Стоял сентябрь, когда местные врачи позволили ему встать с постели. Агравейн радовался, что теперь ему, точно калеке, не придется глотать микстуры и лекарства с ложек, которые держат чужие руки; не придется лежать, ожидая, пока знахари разотрут ему мазями ногу и раны; не придется ходить под себя и ждать, пока все это уберут прислужники… Не придется, в его-то двадцать семь лет.
Счастье Железногривого отличалось в ту пору от детского только тем, что архонец не хлопал в ладоши и не прыгал по занятой спальне – тело все еще ломило, а аплодисменты он привык выслушивать сам, на турнирах. Кто бы мог подумать, что можно испытывать такую радость от того лишь, что способен ходить?
Вскоре Агравейн вновь взял в руки меч и мигом сообразил, насколько ослаб. Ничего, несколько недель, самое большее месяцев, и он опять будет несокрушимой стеной всего континента! Глядя на то, с каким упорством молодой принц ежедневно начал, превозмогая боль и скорую усталость, нарабатывать и возвращать силу и выдержку, многие аданийцы начали доподлинно понимать, почему весь свет считал Агравейна самым неумолимым, неутомимым и могучем из мужей Этана и почему называли его Железногривым. От слухов по всему замку царь Адани, мелкосортный Тидан, стал всерьез опасаться, что строжайший запрет на обнаружение личности Агравейна будет нарушен. Как одновременно удержать тысячи языков? Их разом не вырвешь, как и тысячам пар глаз разом не воспретишь наблюдать.

 

Неделей раньше Агравейн получил послание от отца-короля, и, дабы хранить таинство переписки, он отрядил домой Астальда. Последний был единственным из сподвижников принца, кто до последнего оставался подле него в Шамши-Аддаде. Агравейну же, по указу Удгара и договоренности с Тиданом, надлежало гостить у аданийцев до полного восстановления и, возможно, немного дольше.
Мужчина поднялся с кровати и оделся. Слуг не звал принципиально: слишком долго самые простые вещи приходилось делать с посторонней помощью. Спустился к завтраку и с легким поклоном прошел на место. На удивление, царь сидел за столом один.
– Агравейн! – приветствовал его владыка Тидан. – Садись, садись. Как себя чувствуешь?

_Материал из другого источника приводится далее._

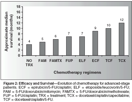 The clinical research and drug development during the past 20 years have produced a series of incremental improvements in the median survival of these patients. In general, one may state that progress has been achieved even in the most prohibitive disease settings. Figure 2 illustrates this concept. From the median survival of 3 to 4 months reported with no treatment, the combinations of fluorouracil (5-FU)/doxorubicin (Adriamycin)/mitomycin (FAM),[3] 5-FU/doxorubicin,[4] 5-FU/doxorubicin/ methotrexate (FAMTX),[5,6] 5-FU/cisplatin (Platinol) (FUP),[6] and 5-FU/etoposide/leucovorin (ELF)[7,8] progressively increased median survival rates. Comparable improvements were obtained with epirubicin/cisplatin/5-FU (ECF) with increases in survival ranging from 8.7 to 8.9 months, with improved safety profile and quality of life.[9,10] Finally, the recent use of the taxane docetaxel (Taxotere) in combination with cisplatin and 5-FU (TCF) produced one of the greatest durations of median survival reported in randomized trials in advanced gastric cancer.[11,12]

– Лучше, ваше величество, благодарю.
– Славно.
– А где досточтимое семейство?
Тидан небрежно махнул рукой:
– В городе ярмарка.
Агравейн молча кивнул, быстро поел, кивая в такт жалобам Тидана на плененных царевичей из Орса, и распрощался.

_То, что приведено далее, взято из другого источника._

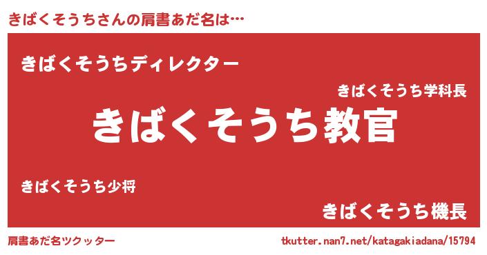 | ヒーロー風カッコイイあだ名 | 『仮面キバダー』『スーパーキバクソウチ』 |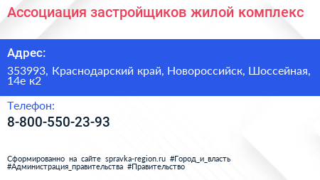 Ассоциация застройщиков, жилой комплекс по адресу 353993, Краснодарский край, Новороссийск, Шоссейная, 14е к2 в дальнейшем Организация, размещена в следующих категориях: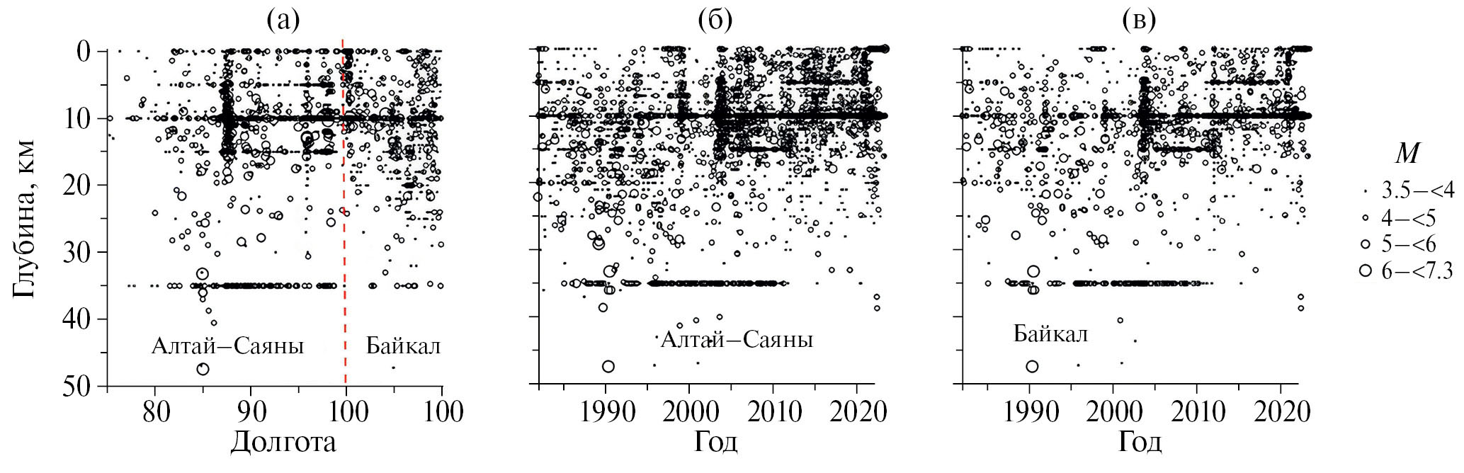 Отметим, что основные каталоги (“Землетрясения Северной Евразии”), имеющиеся для данной территории, получены разными филиалами Единой Геофизической службы РАН (ФИЦ ЕГС РАН), а именно Алтае-Саянским (53 станции) и Байкальским (21 станция) филиалами [Виноградов, 2023]. В Алтае-Саянском филиале обработка осуществляется в программе SeisComp [Weber et al., 2007] (гипоцентральные решения рассчитываются в рамках двухслойной региональной модели с заданной средней глубиной очагов в 15 км). В Байкальском филиале локализация гипоцентров проводится по программе “Регион”, основанной на работах С.И. Голенецкого [Голенецкий, 1990]. В расчетах используются следующие параметры: мощность земной коры 40 км, начальная глубина гипоцентров 10 км, скорости прямых продольных и поперечных волн 6.15 и 3.58 км/с соответственно [Radziminovich, 2022]. Кроме этого, в Байкальском филиале для релокации гипоцентров для некоторых землетрясений привлекаются дополнительные программы – HYPOINVERSE [Klein, 2002], HYPOELLIPSE [Lahr, 1999], HYPOCENTER [Lienert, 1994].

В тот день он через не могу протренировался шесть часов кряду. Вновь и вновь вскидывал меч, подгонял коня, метал копье, отрабатывал удары, на всем скаку крутился в седле, наклонялся к земле, поднимая специально раскиданные дорожные сумки, нет-нет да и хватаясь за бедро, которое все еще давало о себе знать. Врачи и лекари не одобряли ни трюкачеств молодого воина, ни даже его лихой удали в середине ноября.

 

Вечерело. Принц стоял на лоджии покоя, рассматривая небо, еще не черное, но с уже заметным месяцем и несколькими кое-где проглядывавшими звездами. В дверь спальни, обставленной, на вкус архонца, излишне вычурно (особенно в глаза бросались тонкой выделки гобелены, благоухающие растения с громадными лиловым цветками и куча каких-то картин), постучали, но принц не расслышал. Не дождавшись ответа, Майя вошла:
– Милорд? – Агравейн не отзывался, и девушка, плавно ступая, вышла на лоджию. – Господин? – позвала вновь.
Агравейн характерным жестом чуть повел головой на источник звука и, будто сообразив, что не один, обернулся полностью. Нелегкая, мысленно вздохнул мужчина.

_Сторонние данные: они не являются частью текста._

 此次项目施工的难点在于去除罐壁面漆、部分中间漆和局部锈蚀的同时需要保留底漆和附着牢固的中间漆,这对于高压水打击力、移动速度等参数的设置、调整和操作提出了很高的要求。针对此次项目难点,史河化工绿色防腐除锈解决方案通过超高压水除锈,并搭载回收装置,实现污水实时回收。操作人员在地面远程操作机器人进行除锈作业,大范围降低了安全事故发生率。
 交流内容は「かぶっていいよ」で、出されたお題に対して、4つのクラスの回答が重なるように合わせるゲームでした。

– Миледи, – чуть заметно поклонился. Мало того что встреча, мягко сказать, неожиданная, Майе, дочери царя и девице на выданье, строго-настрого запрещалось покидать покои с наступлением темноты без сопровождения матери, братьев, смотрительницы, охраны или слуг. – Что-то случилось?
– Нет, ничего особенного, – ответила девушка. В руках у гостьи Агравейн заметил конверт. – На что вы так увлеченно смотрели, что не слышали меня?
Голос Майи струился, как родник в лесу, – тихо и почти безлико. Она так и осталась совсем невыразительной, коротко приметил Агравейн. Или просто рядом с воспоминанием о Шиаде все прочие женщины для него поблекли?
Майя поравнялась с героем.
– На небо, – ответил он. – Миледи, разве вам не запрещено покидать комнаты с наступлением темноты?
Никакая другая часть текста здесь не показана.